There was a rumble of agreement. ‘There is altogether too much plotting and treachery in the University these days,’ said
the grey-cloaked scholar disapprovingly. ‘God forbid that anyone should accuse
us
of it.’

The friar forced himself not to smile. What did the man imagine he was doing? Secret meetings with the heads of other religious
Orders, to discuss the kind of issues they all had in mind when most honest folk were in bed, sounded like plotting to the
friar.

An elderly man finished his wine and went to pour himself more, glancing around him as he did so. ‘I do not imagine Prioress
Martyn has allowed us the use of this chamber out of the goodness of her heart. Who is paying for her hospitality?’

The man in charge grinned, and held a gold coin between his finger and thumb, so that everyone could see it. ‘I happened to
be in the Market Square a few weeks ago,’ he said enigmatically.

The others nodded their understanding, some exchanging smiles of genuine amusement as they recalled the incident when half
the town had profited from an unexpected spillage of treasure in the stinking mud near the fish stalls.

‘I saw it all,’ said the old man bitterly. ‘But I was not nimble enough on my feet to take advantage of the situation.’

The scholar in grey laughed from the depths of his hood. ‘I wish I had been there! It is not that I have any special desire
to take part in undignified mêlées and grab myself a handful of gold – although I confess I would not have declined the opportunity
had it arisen – but I would like to have seen the effigy of Master Wilson of Michaelhouse dropped in the Market Square muck
by irate peasants.’

‘Wilson was an odious fellow,’ agreed the old man. ‘And his cousin Runham was no better. It was satisfying to see Wilson’s
effigy and Runham’s corpse so roughly manhandled by the townsfolk. And it was even more gratifying to see the wealth that
pair had accumulated through their dishonest dealings pour into the filth of the town’s streets.’

‘Not as gratifying as it was to seize some of it,’ said the man in charge. ‘And now I propose to put it to good use. It will
pay for meetings such as this, so that we will all benefit from it.’

‘Get on with it, then,’ said the old man, refilling his cup from the wine jug yet again. ‘I have other business to attend
tonight.’

‘I brought you here to discuss a murder,’ said the man in charge. He gazed at each one of them, his eyes sombre. ‘The murder
of one of the University’s highest officials.’

Chapter 1

Cambridge, March 1354

T
HE FIRST STONE THAT SMASHED THROUGH THE WINDOW
of Oswald Stanmore’s comfortable business premises on Milne Street sprayed Matthew Bartholomew with

a shower of sharp splinters and narrowly missed his head. He dropped to his knees, ducking instinctively as a loud crack indicated
that another missile had made its mark on the merchant’s fine and expensive glass, and tried to concentrate on suturing the
ugly wound in the stomach of the Carmelite friar who lay insensible on the bench in front of him.

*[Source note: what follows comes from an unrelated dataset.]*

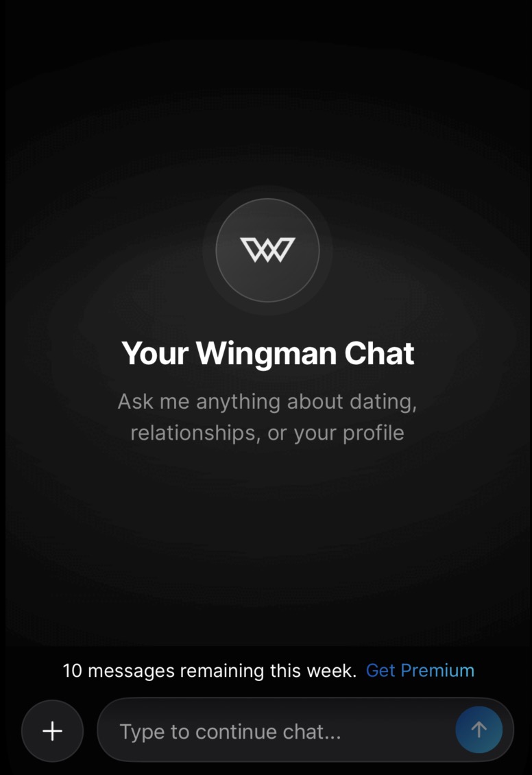 Whether you're in your home chat or a romantic interest's chat, the experience works the same way. Type a message and Wingman responds. But there's more to it than a basic chatbot.

Bartholomew’s sister entered the room cautiously, carrying a dish of hot water and some rags ripped into strips for bandages.
She gave a startled shriek when a pebble slapped into the wall behind her, and promptly dropped the bowl. Water splashed everywhere,
soaking through the sumptuous rugs that covered the floor and splattering the front of her dress.

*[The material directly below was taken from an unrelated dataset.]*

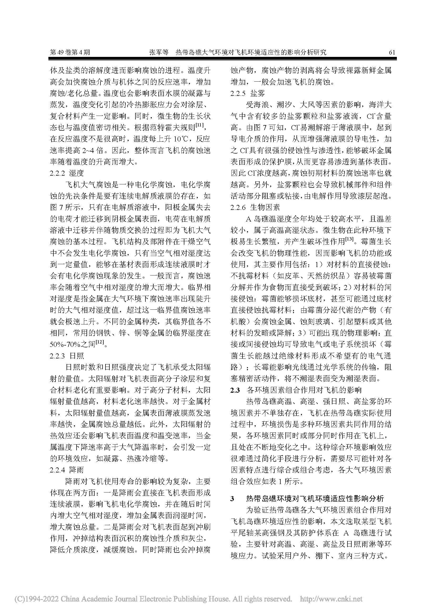 热带岛礁大气环境对飞机环境适应性的影响分析研究

‘Damn!’ she muttered, regarding the mess with annoyance before crouching down and making her way to where Bartholomew worked
on the injured man. She winced as another window shattered. ‘How is he?’

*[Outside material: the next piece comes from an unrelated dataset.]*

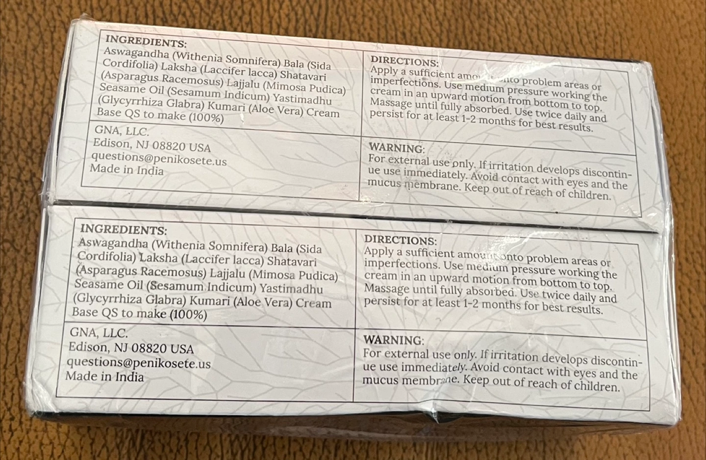 I'm selling a brand new pack of Penikosete Varicose Vein Cream. This pack contains two 50 ml (1.7 fl.oz) creams. Best Before June/2026. Ingredients include: - Aswagandha (Withania Somnifera) - Bala (Sida Cordifolia) - Laksha (Laccifer lacca) - Shatavari (Asparagus Racemosus) - Lajajlu (Mimosa Pudica) - Seasam Oil (Sesamum Indicum) - Yastimadhu (Glycyrrhiza Glabra) - Kumari (Aloe Vera) - Cream Base QS to make (100%)

‘Not good,’ replied Bartholomew, who knew there was little he could do for a wound such as had been inflicted on the Carmelite.
The knife had slashed through vital organs in the vicious attack, and, even though he had repaired them as well as he could,
the physician thought the damage too serious for the friar to recover. Even if the injury did heal,
his patient was weakened by blood loss and shock, and was unlikely to survive the infection that invariably followed such
piercing wounds.

‘Shall I fetch a priest?’ asked Edith, watching her brother struggle to close the end of the gaping cut with a needle and
a length of fine thread. ‘He will want a Carmelite – one of his own Order.’

Bartholomew finished his stitching and peered cautiously out of the window. A sturdy wall surrounded his brother-inlaw’s property,
so that it was reasonably safe from invasion. It could still be bombarded with missiles, however, and the Dominican students
who had massed outside were dividing their hostile attentions between the Carmelite Friary opposite and Stanmore’s house –
where they knew a Carmelite had been given shelter.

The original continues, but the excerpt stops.